You can use the following query to discover inherited OWNER relationships through MemberOf relationships between resources. The query traverses the relationship graph starting from a video vertex and return the OWNER vertex of each resource vertex along the path to the root directory petVideosDirectory. It outputs the set of owners after deduplication. This query discovers the inherited OWNER in the file system hierarchy and includes them in the entities list of authorization requests.

# Retrieve the direct and transitive owners of a specific video
g.V().hasLabel('video').has('videoId',video_id).union(in('OWNER'),repeat(out('MEMBEROF')).until(has('name', 'petVideosDirectory')).in('OWNER')).dedup().values('userId').toList()

Cedar policy design

Verified Permissions uses the Cedar policy language to define fine-grained permissions. The default decision for an authorization response is DENY. The first policy permits a principal to perform actions in the action group OwnerActions on resources in petVideosDirectory only when the same principal is included in the set of resource owners.

// Resource owner and related persons can access the resources
permit (
	principal,
	action in [PetVideosApp::Action::"OwnerActions"],
	resource in PetVideosApp::Directory::<petVideosDirectory_UUID> ) 
when { 
	resource has owner && 
	principal in resource.owner };

The second policy is an ABAC policy that permits a principal to perform actions in the action group PublicActions on resources in petVideosDirectory only when the resource has the static attribute isPublic and its value is true.

// Allow public access to the resources
permit (
	principal,
	action in [PetVideosApp::Action::"PublicActions"], 
	resource in PetVideosApp::Directory::<petVideosDirectory_UUID> ) 
when { 
	resource has isPublic &&
	resource.isPublic == true };

Implementing ReBAC using this Cedar design pattern in conjunction with a relationship graph requires the careful construction of queries. Verified Permissions will validate that the Cedar policies are correct, based on the Cedar schema, but cannot validate that the Neptune queries correctly traverse the graph to return the correct set of principals with the referenced relationship.

When designing your policies and queries, take account of the following guidelines.

Each Cedar policy governs the behaviors of a specific relationship, in this case OWNER. Use a distinct Cedar policy for each relationship in your use cases.
Define action groups for each relationship in your use cases.
Each new relationship referenced in a Cedar policy requires its own query, and the application needs to run this query if the relationship is relevant to the authorization request.

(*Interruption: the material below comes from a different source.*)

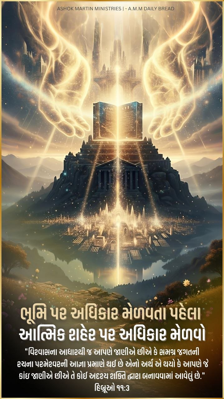 *તેથી તમારી ભૂમિને બોલો, તમારી વેદી ઉંચી કરો, અને જાહેર કરો:* _”પૃથ્વી પ્રભુની છે અને તેની પૂર્ણતા છે. હું ઈસુના નામે આત્માનાં શહેરનો અધિકાર લઉં છે. દરેક છુપાયેલું સિંહાસન ખ્રિસ્તના સિંહાસન સમક્ષ નમન કરે છે. હું અહીં શાસન કરું છું કારણ કે તે મારામાં શાસન કરે છે.”_

Policy writers must collaborate closely with the application developer to help ensure that the application fetches all data that’s relevant to the authorization request.
Indirect relationships can be hard to intuit and prone to errors. The example here of an OWNER relationship inherited through the MEMBEROF relationship is relatively intuitive. However, we recommend avoiding policies that rely on indirect relationships that are derived from multiple different types of direct relationship.
Indirect relationships can be over-permissive when there is no permission boundary defined. In our example, the boundary for inherited relationship is defined at the root level of the directory (petVideosDirectory). Follow the least privilege principle to limit inherited relationship within a clearly defined permission boundary.
Use MEMBEROF to denote the parent relationship in your graph to align with Cedar policy terminology. However, remember that Verified Permissions cannot auto-discover the Neptune graph, so your queries will still need to be designed to traverse it correctly.

Authorization request to Verified Permissions

The following example shows the structure of an authorization request made to Verified Permissions. In the example, Amazon Cognito is used as the identity source of the Verified Permissions policy store. Cognito user ID claims are mapped to the user entity PetVideosApp::User. Tokens issued by Cognito are mapped to a principal ID in the format <user pool ID>|<sub> by Verified Permissions.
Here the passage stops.